Flexible Light-Sheet Generation by Field Synthesis

Abstract

Light-sheet microscopy has revolutionized biological imaging by affording rapid and efficient volumetric imaging while minimizing the applied light-dosage and thus phototoxicity. However, due to beam divergence, there is a trade-off between the light-sheet thickness and the useful field-of-view for imaging: the confocal parameter, which approximates the propagation length of a light-sheet, shrinks nonlinearly with the size of the beam waist, and consequently, modest axial resolution is achieved when imaging large specimens. To overcome this trade-off, propagation invariant beams have been employed in light-sheet generation, such as Bessel or Airy beams. These beams maintain their cross-sectional profile over extended distances and overcome the beam divergence of Gaussian beams. To generate a light-sheet, a propagation invariant beam is scanned laterally to create a time averaged sheet of light. Such setups require dedicated optical trains, which increase the cost and complexity of a light-sheet microscope. We have recently discovered and proven the ‘Field Synthesis’ theorem, which describes a universal mechanism for light-sheet generation.

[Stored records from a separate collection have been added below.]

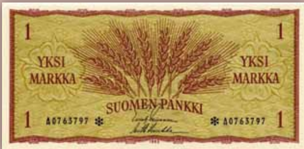
Uudistettu Suomen markka. Arkistokuva.
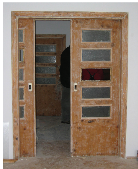
Przesuwne drzwi pomiędzy pokojami w willi w Orłowie, w trakcie prac restauratorskich.
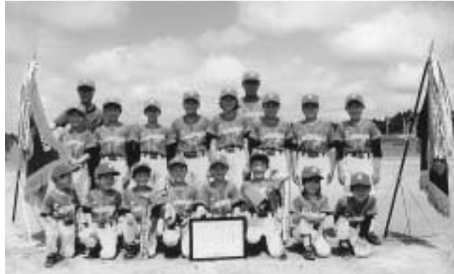
全員で目指す県大会連覇(今年の優勝旗を手に)
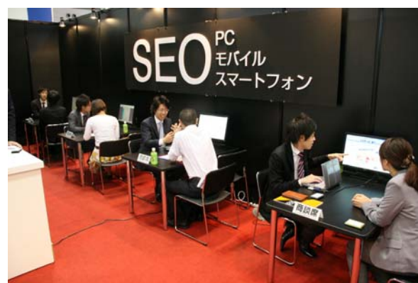
(2011年5月開催 web&モバイル マーケティング EXPO【春】会場風景)
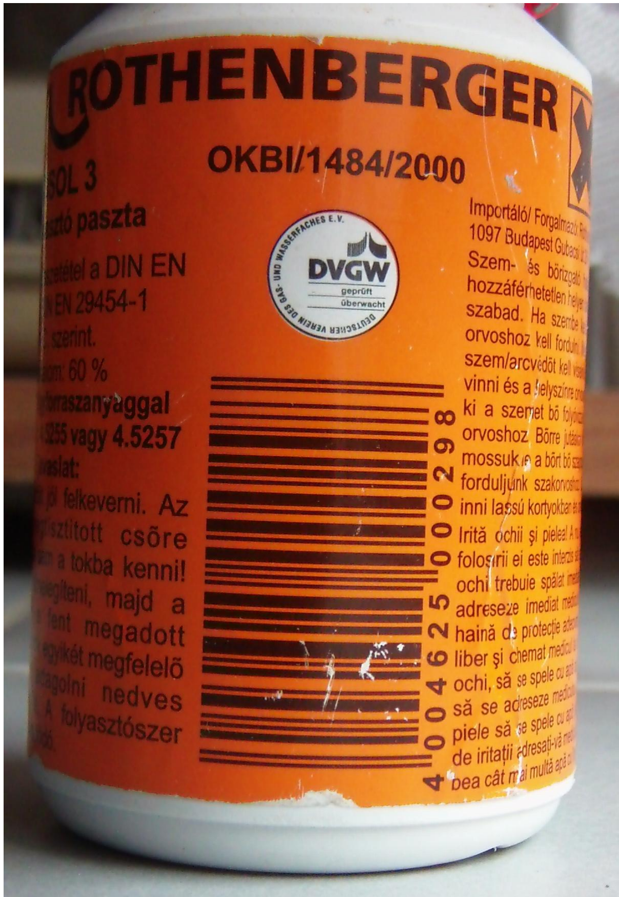
4. A paszta flakonja
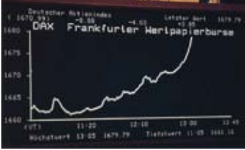
DAX: VOM START WEG UNANGEFOCHTEN
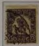
15+2 Filler dk. violett
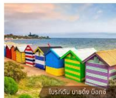
โบสถ์ต้น บาตัง มือกซ์
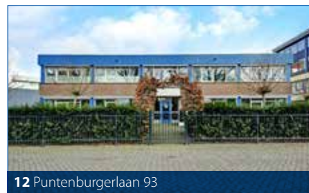
12 Puntenburgerlaan 93
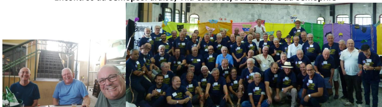
SemopSorocaba/SP. 80 anos da ETFOP, as Turmas de 1967 até 1972
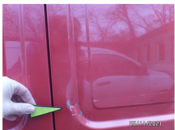
Fot. 29 foto 29
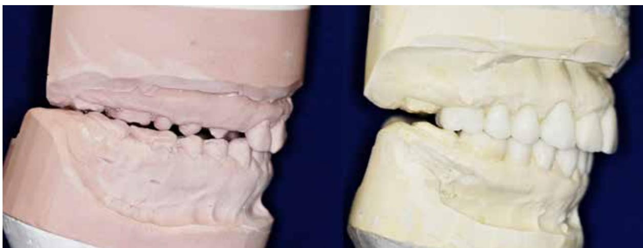
Fig. 3. Bidhøjden øges med 4 mm illustreret med en voksopmodellering af det ønskede resultat. Fig. 3. The vertical occlusal dimension is increased by 4 mm.
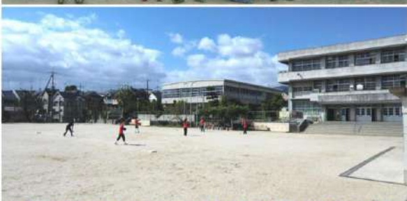
京都府長岡京市井ノ内玉ノ上 22 番地 長岡京市立長岡第十小学校
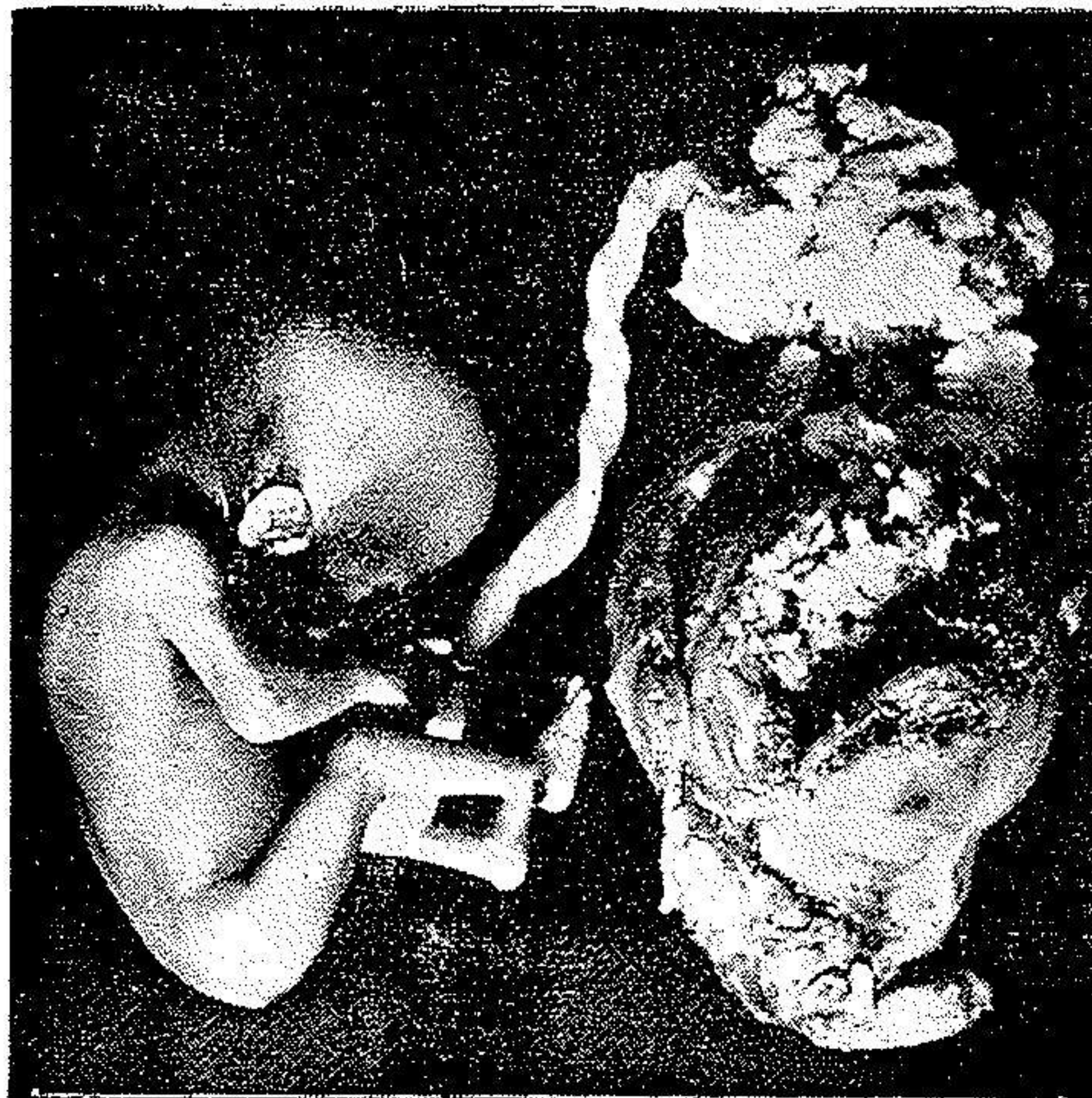
جنین چهارماهه در شاخ فرعی زهدان دو شاخ که منجر به پاره شدن زهدان فرعی شده است
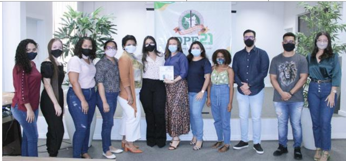
Estagiários de direito durante treinamento no auditório da DPE/RR.
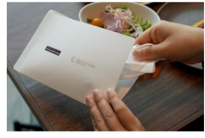
レストラン店内ではマスクケースをご用意
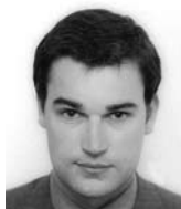
Mojmír Hampl viceguverner ČNB

Na následujících řádcích se chci věnovat myšlence, která není zcela nová, ale je nepochybně menšinová a málo zdůrazňovaná. Je až zarážející, jak málo je zdůrazňována vzhledem k tomu, na jak robustních empirických základech stojí.

Field synthesis predicts that any scanned light-sheet can be synthesized by an incoherent superposition of 1D intensity patterns. We demonstrate that in practice, this results in far less complex optical systems and much higher light-efficiency compared to previous setups using propagation invariant beams. Through careful comparisons, we show that through Field Synthesis we can re-create the time averaged intensity of Bessel and Lattice light-sheets. However, in contrast to scanned Bessel beams, we achieve 100% spatial duty cycle, which results in drastically reduced photobleaching. Compared to lattice light-sheet microscopy, Field Synthesis is achromatic and can hence perform simultaneous multicolor imaging. We present careful comparisons of each illumination mode and demonstrate biological imaging applications of light-sheets produced by Field Synthesis.